The obvious solution was to ask his teacher’s advice, but Schoenberg’s assistant had bluntly warned Harrison that Schoenberg absolutely refused to look at anything twelve-tone. No composer should dare approach that method, he declared, until he’d mastered conventional tonal styles. Most of his American students could not come close to meeting his high expectations; rumor among the students had it that Schoenberg on occasion had thrown out the entire class in exasperation.

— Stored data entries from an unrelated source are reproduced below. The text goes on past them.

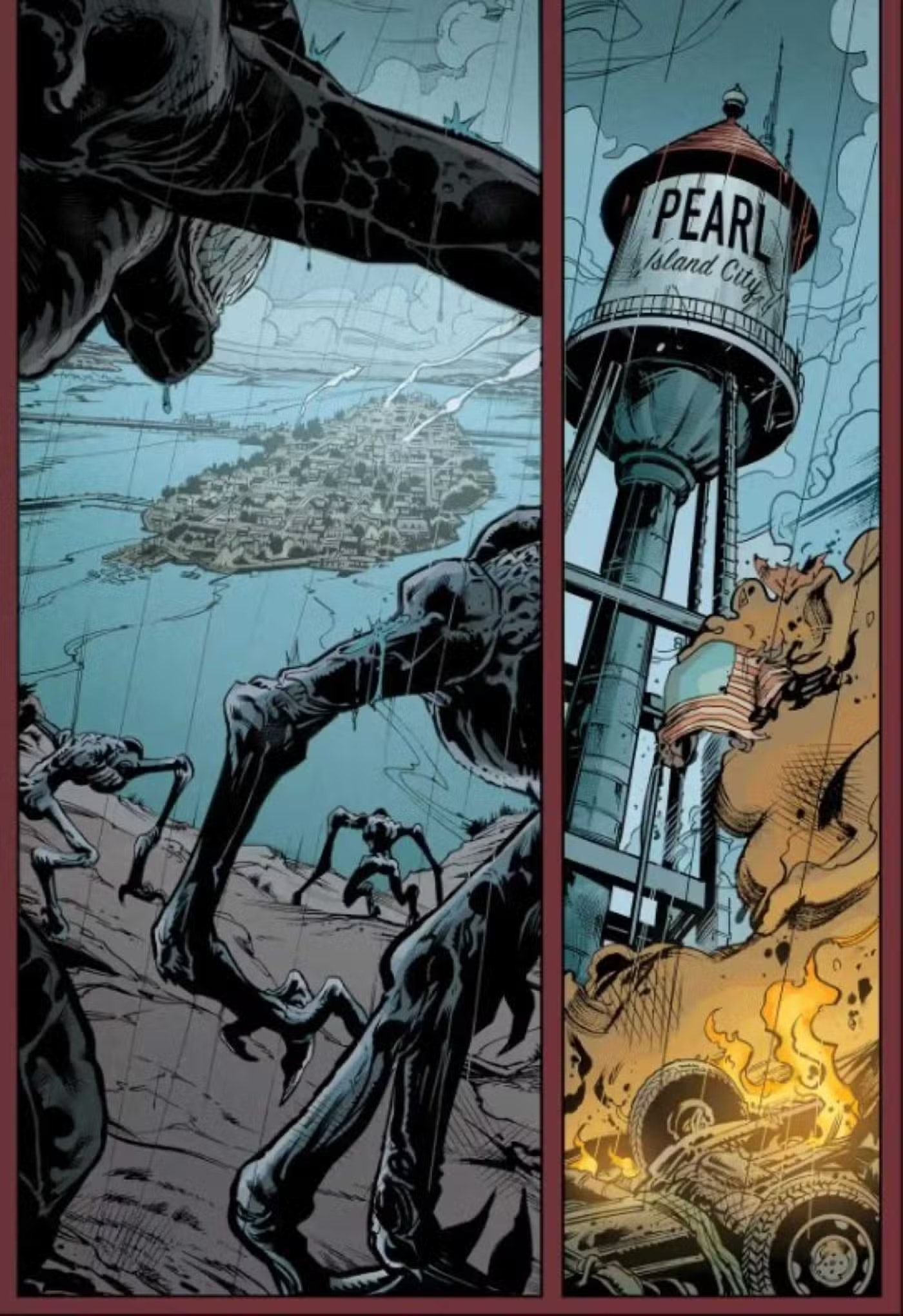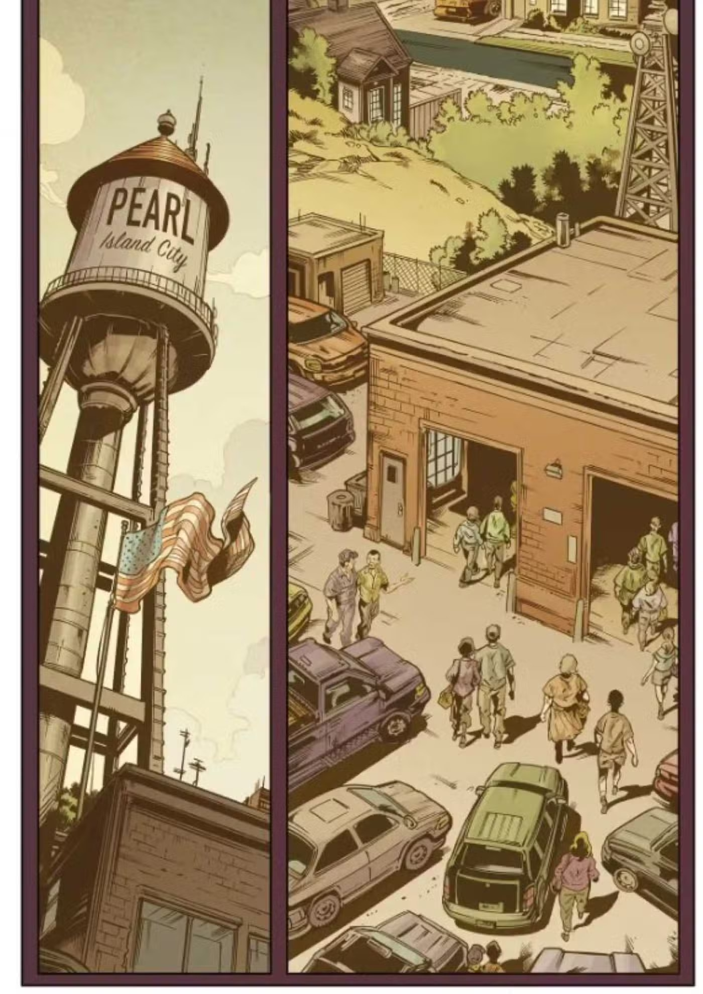 A Quiet Place: Storm Warning #1 by Phil Hester and Ryan Kelly for March 2026 now takes us to a small island town in the midwest, Pearl, Iowa. « As a franchise, I think A Quiet Place stands out for two reasons. Each movie is a relentless torrent of suspenseful action, but with a genuinely moving drama at its core. Secondly, it’s an innovative formal exercise in visual storytelling without dialogue. With A Quiet Place: Storm Warning , I feel Ryan Kelly and I have replicated those qualities, but in an entirely different medium. » – Phil Hester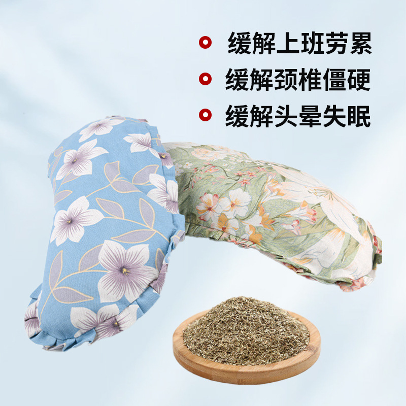 艾草月牙枕护颈透气亚麻艾草枕家用艾绒可拆洗睡眠艾草颈椎枕批发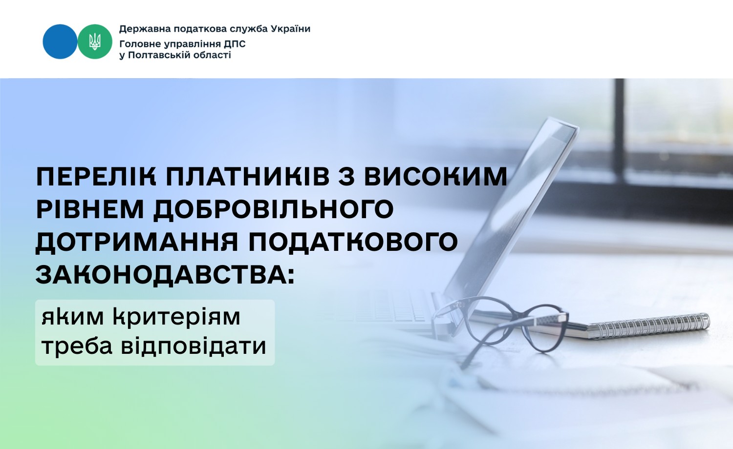 Головне управління ДПС у Полтавській області нагадує, щоквартально Державна податкова служба формує Перелік платників з високим рівнем добровільного дотримання податкового законодавства та публікує його на вебпорталі ДПС.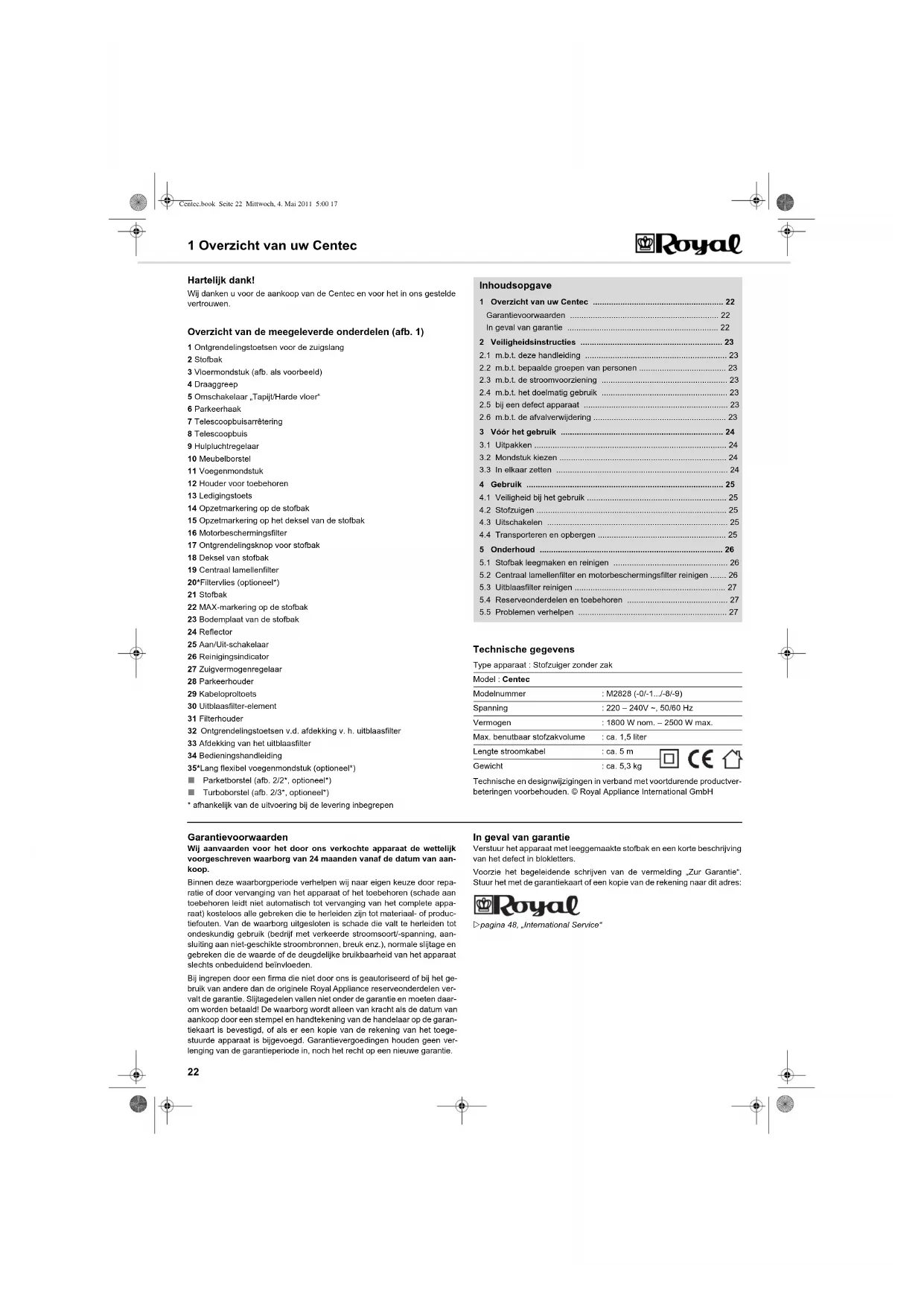 OPGELET: Het uitblaasfilterelement is niet wasbaar. OPGELET: Gebruik alleen originele reserveonderdelen die bij de levering inbegre-pen zijn of die u door nabestelling heeft bijgekocht.Artikelnr. Beschrijving2828001 5-delige filterset, bestaande uit 1 centrale lamellenfilter, 1 motorbeschermingsfilter, 1 uitblaasfilter + 2 viltvliezenM203 1 parketborstelM209 1 turboborstelM232 1 lang flexibel voegenmondstuk WAARSCHUWING: Verwondingsgevaar! Gebruik nooit een defect apparaat! Voordat u pro-blemen gaat opsporen schakelt u het apparaat uit en trekt u de stekker uit het stopcontact, Zhoofdstuk 4.3, „Uitschakelen“. Probleem Mogelijke oorzaak / OplossingApparaat kan niet aangezet worden.Stopcontact heeft geen stroom. Test de stofzuiger aan een ander stopcontact, waarvan u zeker weet dat er stroom op staat.Stroomkabel is beschadigd.Laat de stroomkabel vervangen door de Royal Appliance klantenservice, adres Zpagina 48, „International Service“. Apparaat stopt plot-seling met zuigen.De oververhittingsbeveiliging is geactiveerd (eventueel van-wege verstopte aanzuigwegen e.d.). Schakel het apparaat uit en trek de stekker uit het stopcon-tact. Verwijder de oorzaak van de oververhitting (b.v. telescoopbuis en zuigslang demonteren en verstop-ping verwijderen). Wacht ca. 45 minuten. Het afgekoelde apparaat kunt u nu weer inschakelen.Reinigingsindicator (afb. 1/26) is verlicht.Centrale lamellenfilter is vervuild. Reinig het centrale lamellenfilter, Zhoofdstuk 5.2, „Centraal lamellenfilter en motorbeschermingsfilter reinigen“. Stofbak is te vol. Maak de stofbak leeg/schoon, Zhoofdstuk 5.1, „Stofbak leegmaken en reinigen“.Zuigresul-taat is on-danks een optimale functie niet naar tevre-denheid.Hulpluchtregelaar (afb. 1/9) is geopend.Sluit de hulpluchtregelaar.Aangebracht mondstuk is niet geschikt. Vervang het mondstuk, Zhoofdstuk 3.2, „Mondstuk kiezen“. Ingesteld zuigvermogen is niet geschikt.Pas de stand van de zuigvermogenregelaar aan het vloer aan, Zhoofdstuk 4.2, „Stofzuigen“, stap 4. Stand van de omschakelaar „Tapijt/Harde vloer“ (afb. 1/5) is niet juist.Pas de stand van de omschakelaar „Tapijt/Harde vloer“ aan de bedekking aan, Zhoofdstuk 4.2, „Stofzuigen“, stap 5. Stofbak is te vol.Maak de stofbak leeg/schoon, Zhoofdstuk 5.1, „Stofbak leegmaken en reinigen“.Filters zijn vervuild. Reinig het betreffende filter, Zhoofdstuk 5.2, „Centraal la- mellenfilter en motorbeschermingsfilter reinigen“ resp. Zhoofdstuk 5.3, „Uitblaasfilter reinigen“.Mondstuk, telescoopbuis of zuigslang zijn verstopt.Verwijder de verstopping. Gebruik hiervoor zo nodig een lange houten stok (b.v. een bezemsteel). AANWIJZING: Als u het probleem met behulp van deze tabel niet kunt verhelpen, neem dan contact op met de Royal Appliance klantenservice (Zpagina 48, „International Service“).Probleem Mogelijke oorzaak / OplossingCentec.book Seite 27 Mittwoch, 4. Mai 2011 5:00 1728

Schoenberg and one of his classes

Nevertheless, at their next meeting, Harrison sat down at the piano in front of his classmates, and started to play. Schoenberg recognized at once that the piece was twelve-tone, but exclaimed, “It is good!” Harrison let out his breath as Schoenberg said, “Continue!” Harrison played as much of the troublesome movement as he’d completed, but Schoenberg was already thoroughly engaged in the piece. He immediately perceived the structure Harrison had established—and just where he’d gone wrong. “Thin out!” Schoenberg admonished. “Less! Thin! Thinner!” Schoenberg showed that the cantus firmus had to impart some structure so that the long string of whole notes did not become pointlessly plodding. He suggested adding variety by making the middle six repetitions into half notes, giving the movement an underlying ABA structure. Freed from the one-way cul-de-sac implied by an unchanging cantus firmus, Harrison suddenly saw new opportunities for variation and internal structure that would make the movement work. Ultimately Harrison’s Suite for Piano would become one of the finest of his early period.

Schoenberg’s advice, Harrison later recalled, “permanently disposed of for me not only that particular difficulty but also any of the kind that I might ever encounter.” The encounter’s value to Harrison extended beyond that single piece. “Simplify,” became Schoenberg’s own cantus firmus to Harrison’s career, steering the young composer away from elaboration and complexity and toward the clarity and transparency of Mozart.